Little progress on the imote as of late because I was busy hammering out a massive PCB order for imotion, a cool Christmas wizmo (more on that later), and a new product called Logic. I managed to get that out the door at about 5AM Saturday morning.
Then it was back to the imote, and imote adhesive, the current bane of my existence. The adhesive is a two-part epoxy that hardens up in about 10 minutes. You mix it with a cool glue gun (see below). The trigger presses a plunger which ejects glue from the cartridge. The two parts are mixed in a long “mixer” which swirls the two together as they travel down the tube. Then a luer-lock attached syringe needle caps it all off, giving you a nice controllable output. That is, until the glue starts to harden up. Then you take off the needle push a bunch of glue through to clear it and put the needle back on. Yes, it’s as messy as it sounds. Not great for small quantities. I went through at least 20 disposable gloves trying to keep the parts free of glue…
Anyway the main takeaway so far is that this isn’t going to be easy. Basically the issue with gluing in the polycarbonate/plexy/glass is as follows: too little glue, you have a cosmetic problem because you can see the difference between where the glue is and isn’t. To much, and it squeezes out the sides, becomes a cosmetic problem. So that has it’s own class of potential solutions.

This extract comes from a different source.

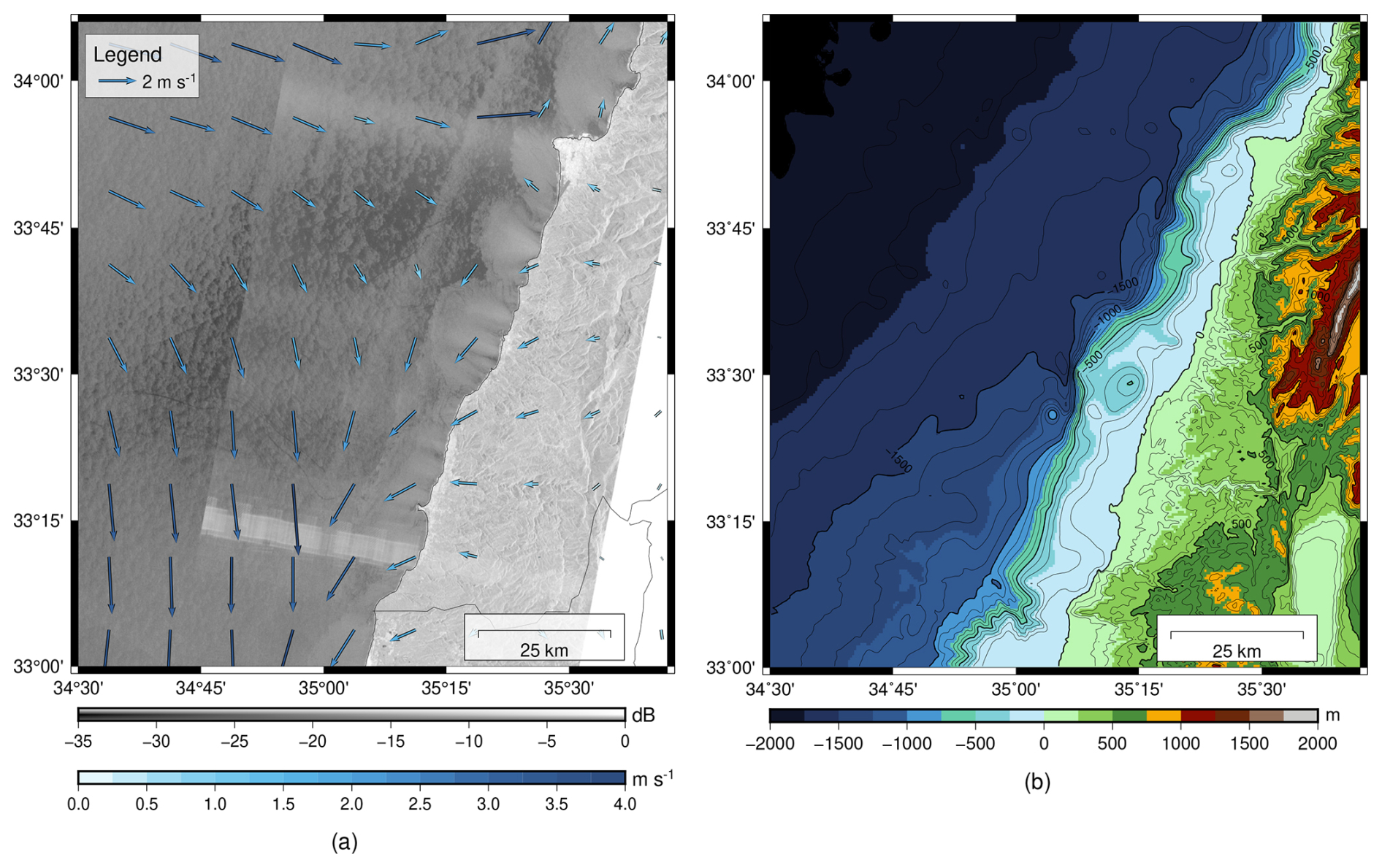 Figure 9(a) An example of katabatic wind-induced signatures in the SAR scenes taken at 03:43 on 24 September 2022 near Lebanon, plotted with the simulated wind speed at 04:00 obtain from CMEMS and MDS (2024c). The figure contains modified Copernicus Sentinel data (2022); the coastline and borders were obtained from Wessel and Smith (1996). (b) Bathymetry and terrain models obtained from GEBCO Bathymetric Compilation Group (2023).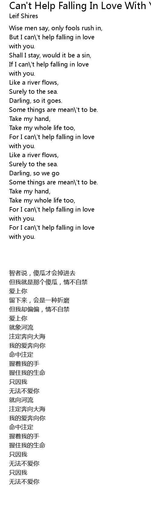 If i can't help falling in love with you Would it be a sin. Shall i stay would it be a sin. But i can't help falling in love with you You may only use this for private study, scholarship, or research. Ukutabs does not own any songs, lyrics or arrangements posted and/or printed. F g am f * c g c if i can't help falling in love with you. Lyrics for can't stop falling in love by w o l f c l u b. Shall i stay, would it be a sin? Full and accurate lyrics for can't help falling in love (chinese) from f4: Can't help falling in love with you chords *** elvis presley 1961 (blue hawaii)** capo ii ** intro c g am c g verse 1 c em am f c g wise men say, . But i can't help falling in love with you. Some things are meant to be.

The other issue is that (stupidly) I figured the PCB could be installed with adhesive as well and so didn’t design a mounting solution. So one solution is to design one up and through away all the parts I have (~800$) but let’s call that a last resort. The first good solution is to combine the problem with that of the glass (not really glass but that’s what I’m going to call it from now on) — install the glass so that some glue overflows. Then dump a bunch more glue into the assembly on top of the glass, and stick the PCB in on top of that, allowing the glue to seep up through the apertures in the PCB and around the edge. Solution part two, is then to fill up the rest of the enclosure with glue (!) and install the top glass piece at the same time, squeezing out and cleaning up the extra at the same time. Luckily the adhesive I’m using is very well behaved and doesn’t expand or contract noticeably otherwise obviously this would be out. The problem, though, is that 1) it looks like a fish bowl (index of refraction), it increases – probably doubles — the weight, and most importantly makes little bubbles on the surface of the PCB/components where it reacts (presumably) with the residue on the surface. This last thing makes it a cosmetic issue.
To sum up, what looks like the best option now is to float the pcb in the adhesive but not fill up the part with adhesive. Then, install the other glass piece by 1) applying glue along the ridge and then 2) using a custom tool to essentially scrape out all but a controlled distribution of adhesive, such that when you put the glass in it’s the perfect amount — perfectly covering the ridge surface but not spilling out.